12. Descriptive Statistics, Outliers and Axis Limits
L3 111 Descriptive Stats Outliers And Axis Limits V2
DataVis L3 11 V1
Descriptive Statistics, Outliers, and Axis Limits
As you create your plots and perform your exploration, make sure that you pay attention to what the plots tell you that go beyond just the basic descriptive statistics. Note any aspects of the data like number of modes and skew, and note the presence of outliers in the data for further investigation.
Related to the latter point, you might need to change the limits or scale of what is plotted to take a closer look at the underlying patterns in the data. This page covers the topic of axis limits; the next the topic of scales and transformations. In order to change a histogram's axis limits, you can add a Matplotlib
xlim
call to your code. The function takes a tuple of two numbers specifying the upper and lower bounds of the x-axis range. Alternatively, the
xlim
function can be called with two numeric arguments to the same result.
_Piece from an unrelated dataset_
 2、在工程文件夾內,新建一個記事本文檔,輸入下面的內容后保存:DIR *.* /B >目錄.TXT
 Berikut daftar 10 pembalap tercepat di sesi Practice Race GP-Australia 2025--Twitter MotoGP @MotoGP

plt.figure(figsize = [10, 5])
# histogram on left: full data
plt.subplot(1, 2, 1)
bin_edges = np.arange(0, df['skew_var'].max()+2.5, 2.5)
plt.hist(data = df, x = 'skew_var', bins = bin_edges)
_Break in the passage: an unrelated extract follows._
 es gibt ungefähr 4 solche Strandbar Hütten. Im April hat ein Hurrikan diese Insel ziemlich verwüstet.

# histogram on right: focus in on bulk of data < 35
plt.subplot(1, 2, 2)
bin_edges = np.arange(0, 35+1, 1)
plt.hist(data = df, x = 'skew_var', bins = bin_edges)
plt.xlim(0, 35) # could also be called as plt.xlim((0, 35))
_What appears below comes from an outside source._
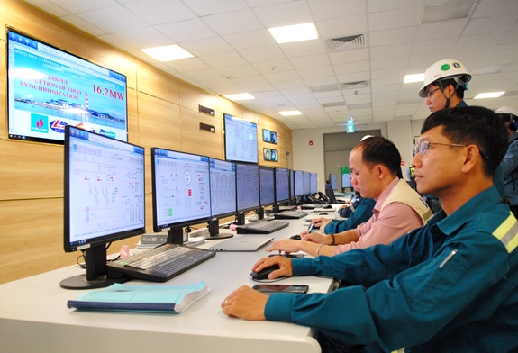 Vận hành hệ thống tại phòng điều khiển trung tâm Nhà máy Nhiệt điện Sông Hậu 1. Ảnh: HÀ DUY |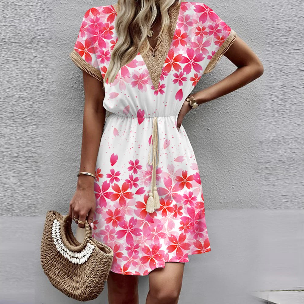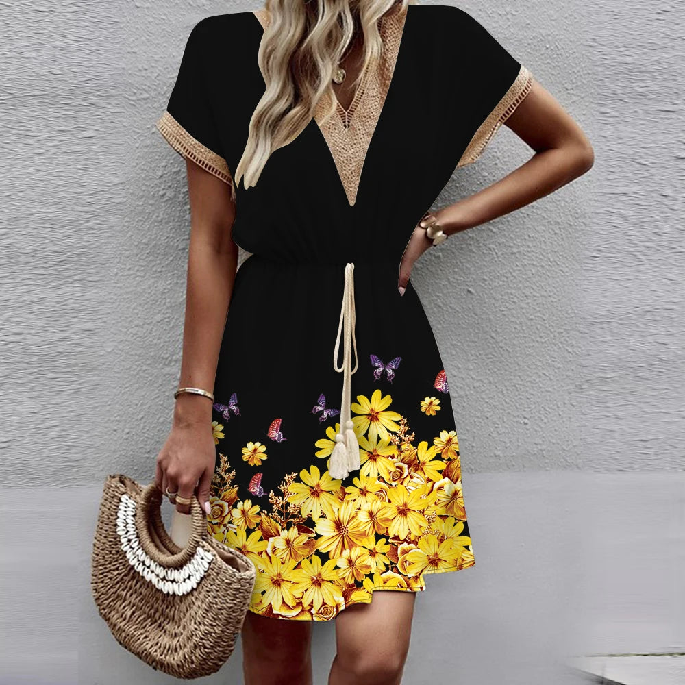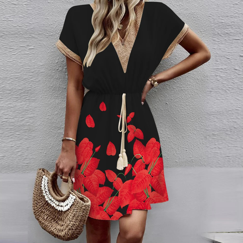 Women's Medium Length Dress™ Bat Sleeves V-Neck Waist Wrap Lace Dress

In the generic example above, we might be interested in comparing patterns in other variables between data points that take values less than 35 to those that take values greater than 35. For anything that is concentrated on the bulk of the data in the former group (< 35), use of axis limits can allow focusing on data points in that range without needing to go through creation of a new DataFrame filtering out the data points in the latter group (> 35).